Taras Shevchenko National University of Kyiv
Title: THE PROBLEM OF FINITENESS OF HUMAN EXISTENCE IN UKRAINIAN FOLKLORE
Description:
The article analyzes the existential problems of life, death and immortality in Ukrainian folklore (based on Ukrainian fairy tales).
In the corpus of Ukrainian folk tales there are widely used topics, which in European philosophy and literature are called "tragic foundations of human existence" - awareness of the inevitability of death in the earthly existence of man, the search for forms of individual immortality.
In Ukrainian fairy tales there is a dual attitude of the individual to the inevitability of his own death.

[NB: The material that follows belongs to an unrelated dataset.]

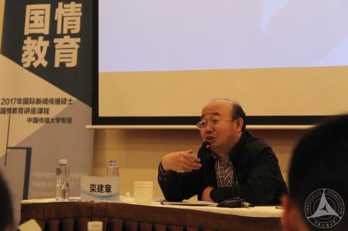 新闻传播学部副学部长王晓红教授主持了讲座,并参加了会见。来自清华大学、人民大学和Beat365的共80余名国新硕士班师生聆听了讲座。讲座结束后,Beat365国新硕士班学生对栾主任进行了采访。

On the one hand, there is the motive of reconciliation with the fate of human destiny, and in order to relieve the painful feeling of one's own finitude, the instruction on the higher meaning of the existence of death is forced.
Death is justified because it appears as the prevention of the absurdity of infinite human existence or as an obstacle to the debauchery of the whims and dangerous wishes of the individual, or ultimately as the punishment of people for violating the commandments of the Supreme Spiritual Creature.
In other words, death appears in a number of fairy tales as the expression of the highest world justice.
At the same time, death mostly appears in fairy tales as an objectified pagan idea of Death as a concrete living creature with its whims, sympathies and weaknesses.
The problem of finding ways to achieve immortality is traced in Ukrainian fairy tales in two ways.
Most often, this search unfolds in the plane of the victory of the hero of the fairy tale over death, or through the imprisonment of death, or through the marriage of the hero to a divine being.
This is a very common motive in the tales around the world.
Less common is the motive of achieving immortality through the moral self-improvement of the hero, his compliance to the moral commandments of God.
This is already a reflection in fairy tales of the influence of Christianity on the spiritual world of the ancestors of modern Ukrainians.